Either solution is doing basically the same thing; apply the command s/f$//
on a restricted range of lines. That command searches for the pattern f$
(or f$
) which matches an f
at the end of the line. In each command, the original address range is specified as the lines between (and including) the line which matches $coord
(the backslash causes sed to match a literal $
rather than matching the end of line) and the next line that starts with a literal $
. The first solution includes a second address range that prevents the command from being applied on a line matching the keyword.

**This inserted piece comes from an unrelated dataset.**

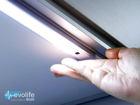 除了易于固定的雙面膠,ALT-1090IR LED燈還有兩個人性化設計之處,它的電源線長達2.2米,而且直徑非常細,安裝和固定同樣方便。另外,燈具的開關使用了非接觸式設計,內置的傳感器能感應人手動作,即使手指是濕的也能正常開關燈具。

CodePudding user response:
Using any awk:
$ awk '/^\$/{ key=$0 } key=="$coord"{ sub(/ f$/,"") } 1' file
$coord
-6.81387808414325 5.82189470091282 -1.45477353169903 c
3.12250219010826 1.39239934150351 0.78451413146001 o
-4.76572488013335 -1.67551810949494 -1.58797087759328 c
-0.15061495158492 -2.18614667480844 -2.60227003662941 c
etc...
9.21060449992324 -2.77968508411378 0.71587738888748 h
5.87109372056745 -2.67040600177892 0.54514819243204 h
7.70747476642116 -1.85827163328137 -2.12317155170529 h
3.16053583847830 1.75657003778612 4.21784993053015 h
3.20523873898751 2.06642906155866 6.03962166222879 o
3.84518636016769 0.52341324778083 6.76769535558585 h
$intdef
# definitions of internal coordinates
1 f 1.0000000000000 stre 6 21 val= 2.05908
2 f 1.0000000000000 stre 6 53 val= 2.07110
3 f 0.0463401612403 bend 53 21 6 val= 1.20720
0.5016372600998 bend 7 21 6
0.4983829790270 bend 7 53 6
etc...
By the way, in your question you said:
I figured out that I can delete the last column with awk:
awk 'NF{NF=-1};1'
but setting NF to a negative number is a semantic error so I suppose you probably meant:
awk 'NF{NF-=1};1'
but the effect of decrementing NF is undefined behavior per POSIX and even if it does delete the final field (as it will in some awks but not in others), that will trash the spacing of your input by converting all chains of spaces to single blanks. So, I wouldn't do that.